A cheap FM radio might produce sounds from 300Hz to 6kHz.

You can attenuate an audio oscillator down to mic level, remove R1 that powers an electret mic and test the transmitter and receiver levels if you want.

EDIT: I forgot to say that the range depends on the sensitivity of the FM receiver. The output power of my FM transmitter is about 25mW (0.025W).

I marked a few of the blocks in my FM transmitter:

 

[Eshal]

OK thank you sir.
But your transmitter doesn't have blocks like my block diagram in the post#1. Like, where is AF amplifier and why did you not use it? Where is RF drive amplifier and why did you not use it? Where is power amplifier and why did you not use it? And finally where is low pass filter and why did you not use it in your design?

But I think I know why you did not use power amplifier. The answer is, your output power is low i.e. 0.025W just. So it doesn't need amplifier because we don't need any amplification further. Right?

Please answer sir.

Thank you.

 

[Audioguru]

OK thank you sir.
But your transmitter doesn't have blocks like my block diagram in the post#1.

I showed which parts of my schematic do what. It has 5 blocks.

Like, where is AF amplifier and why did you not use it?

Its Mic Preamp is a microphone AF amplifier.

Where is RF drive amplifier and why did you not use it?

its RF Amplifier is an RF drive amplifier.

Where is power amplifier and why did you not use it?

A power amplifier is illegal so I did not use it.

And finally where is low pass filter and why did you not use it in your design?

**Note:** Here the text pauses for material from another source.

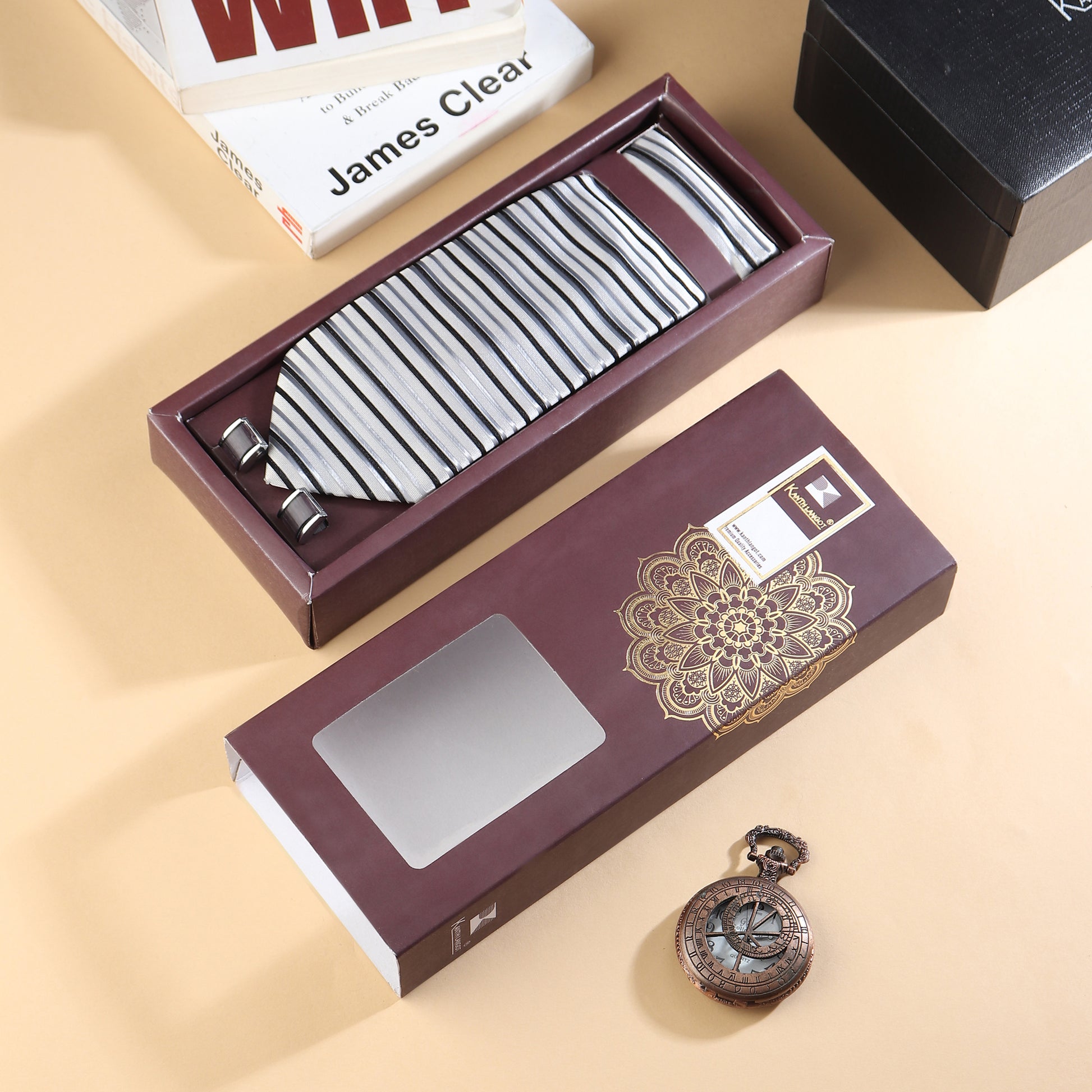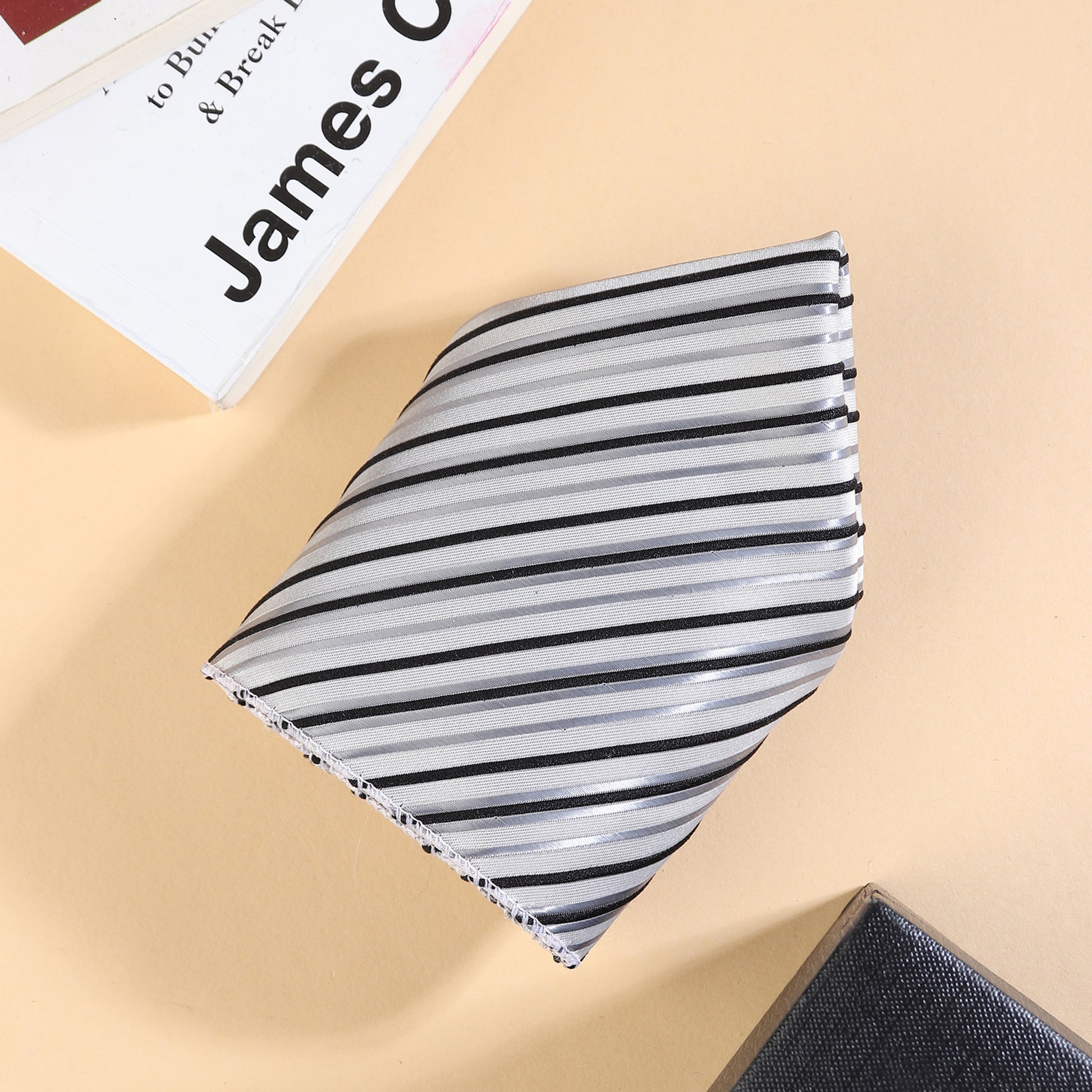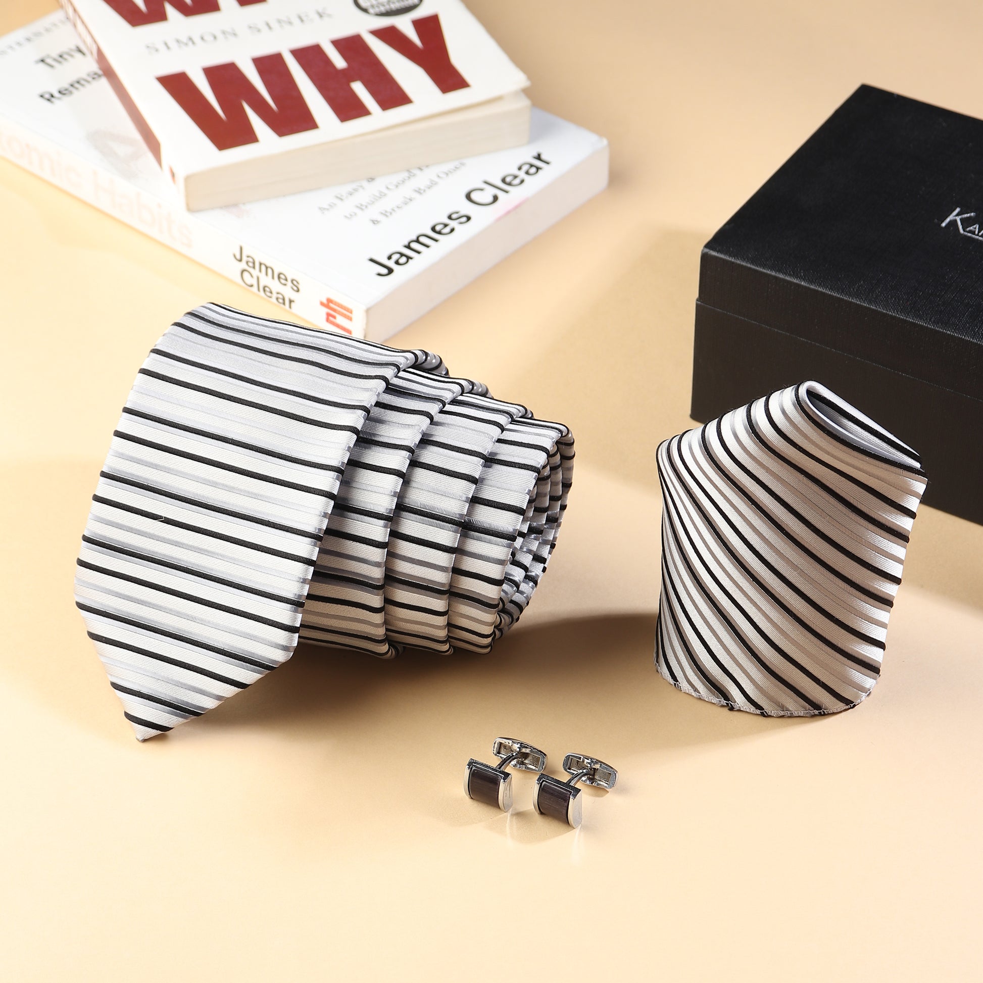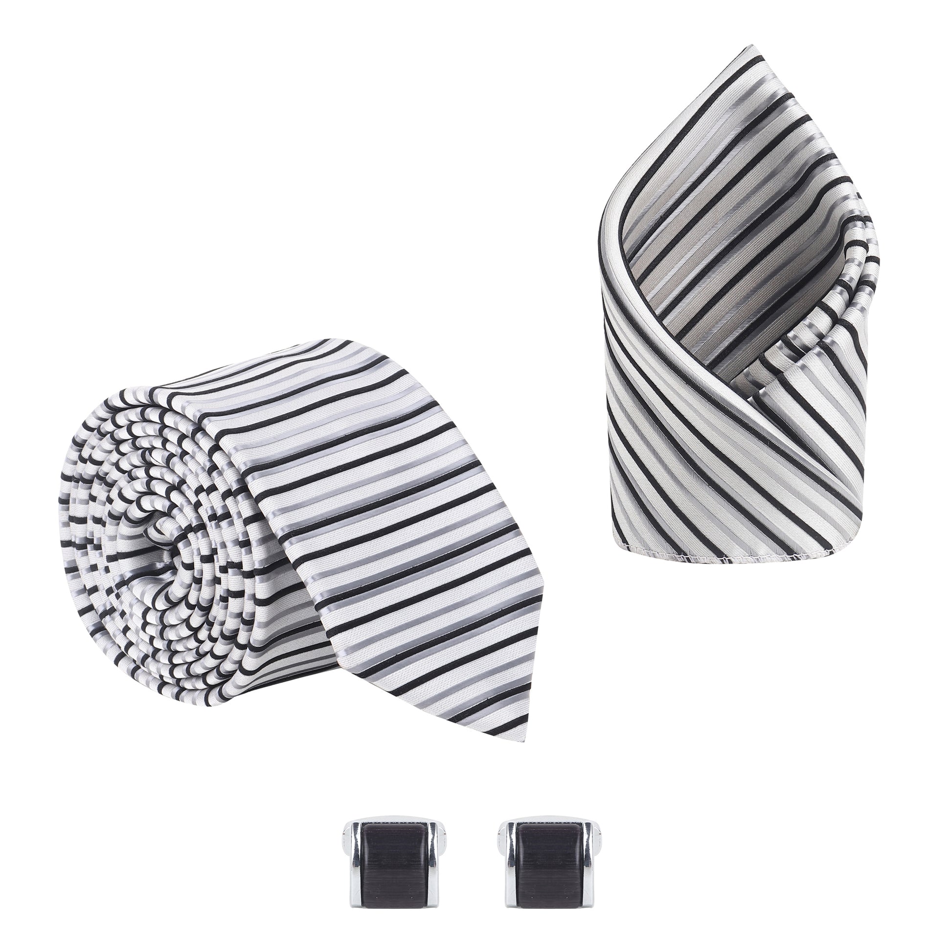 Kanthlangot Men’s 3-Piece Formal Set – Striped White, Grey & Black Tie, Pocket Square & Silver Cufflinks (3-Inch Necktie)

Its AF amplifier is linear class-A with low distortion and has a tuned circuit which reduces harmonics more so it does not need a lowpass filter like a distorted class-C output stage.

 

[Eshal]

Its AF amplifier is linear class-A with low distortion and has a tuned circuit which reduces harmonics more so it does not need a lowpass filter like a distorted class-C output stage.

Means whenever we use distorted output then we need a low pass filter. Right?

Now sir, can you help me how to calculate value of each and every component in the circuit?
Let us start with Mic Preamp or AF amplifier. It has 4 resistors from R1 to R4, 2 capacitors C1 and C2 and one transistor Q1.
Would you help me how to calculate these values by mathematical working?

Thank you sir.

 

[Audioguru]

Means whenever we use distorted output then we need a low pass filter. Right?

Yes.
A class-C output stage is a common RF power amplifier. It produces distortion which has many strong harmonics. The harmonics cause interference to radio, TV and important communications from aircraft, police, ambulance and fire department.

Now sir, can you help me how to calculate value of each and every component in the circuit?
Let us start with Mic Preamp or AF amplifier. It has 4 resistors from R1 to R4, 2 capacitors C1 and C2 and one transistor Q1.
Would you help me how to calculate these values by mathematical working?

The mic preamp is a very simple standard single transistor amplifier.
R1 powers the Jfet inside the electret mic. The Jfet needs 0.25mA at a few volts so 5V/2 divided by 0.25mA= 10k.
R2 and R3 bias the base of the transistor to almost 5V/(160k + 30k), x 30k= 0.79V.
R5 is the emitter resistor and the emitter has about 0.6V less than the base then the emitter voltage is about 0.19V and its current is 0.19V/470= 0.4mA.
R4 is the collector load resistor and also has 0.19mA in it therefore the idling collector voltage is 5V - (0.19V x 10k ohms)= 3.1V so that it can swing equally up and down.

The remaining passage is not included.